Webster University Thailand (WUT) was an international campus of Webster University from Webster Groves, Missouri, US. The US-based non-profit university established its international campus in Thailand in 1999 with an undergraduate campus near the resort town of Hua Hin in the district of Cha-am, and additional graduate and undergraduate programs in Bangkok, Thailand. The facility in Thailand is one of several international campuses associated with Webster University. The campus officially closed on December 31, 2021.

==Undergraduate programs==
Webster University Thailand offers undergraduate degrees in:
- BA International Relations
- BA Management (General)
- BA Management: Emphasis in Human Resources Management
- BA Management: Emphasis in International Business
- BA Management: Emphasis in Marketing
- BA Psychology
- BS Business Administration
- BS Computer Science

==Graduate programs==
The university offers following graduate programs:

- Master of Business Administration (MBA)
- MA International Relations
- MA Teaching English as a Second Language (TESL)

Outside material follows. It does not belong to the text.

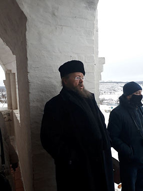 Отец Парфений рассказывает нам, стоя на высоком крыльце перед входом в храм. Тут же он обращает наше внимание на величественный поклонный крест, установленный на месте предполагаемого захоронения Никиты Лупповича Колупаева, который в период Смутного времени не присягнул захватчикам и был сброшен с башни Одоевской крепости. Неизвестный герой… нет его имени в учебниках истории, а в древнем монастыре его поминают и рассказывают о подвиге, о жизни, отданной Отечеству…

==Bangkok Academic Center==
In addition to the main campus in Cha-am, the university has offices and classroom facilities at the Bangkok Academic Center on the 4th floor of the EM Space of Empire Tower in Bangkok's business district, Sathorn. Master's degree (MBA, MA International Relations and MA TESL) and undergraduate programs available at the Bangkok location include Computer Science (BS), Management (BA) with an emphasis in international business and English as a second language (ESL).

==Faculty==
The university's teaching faculty, research professors, and adjunct professors come from over 60 nations across the globe.

==Webster worldwide==
Webster University in Thailand is part of the Webster University worldwide network of international campuses, students enrolled at the campus in Thailand have the option to study at any of the Webster campuses including the US, the United Kingdom, Switzerland, Netherlands, Austria, China, and Ghana.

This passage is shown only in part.